··· Data extract
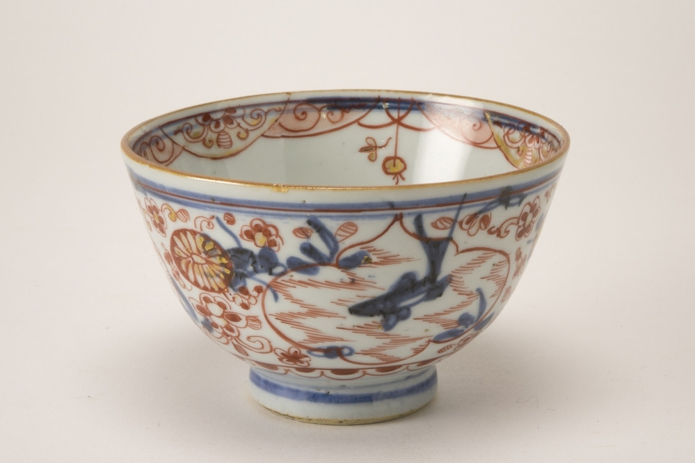 Witte Amsterdams bont kom op standring met op de binnen- en buitenzijde bloemdecoraties in ijzerrood en goud. Hieronder blauwe decoraties met o.a. vissen.
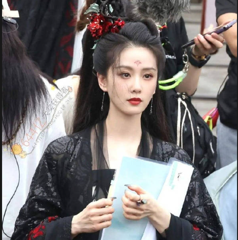 6月24日,一組劉詩詩(明星經(jīng)紀(jì)公司)新劇古裝路透曝光,照片中劉詩詩黑裙紅唇造型冷酷。
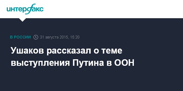 Ушаков рассказал о теме выступления Путина в ООН
······
• [Exercise prompt]: Take the line that contains "6月24日,一組劉詩詩(明星" and all lines after it to the end of the material above, and copy them verbatim without any images.

• [Result of the exercise]:
 6月24日,一組劉詩詩(明星經(jīng)紀(jì)公司)新劇古裝路透曝光,照片中劉詩詩黑裙紅唇造型冷酷。
 Ушаков рассказал о теме выступления Путина в ООН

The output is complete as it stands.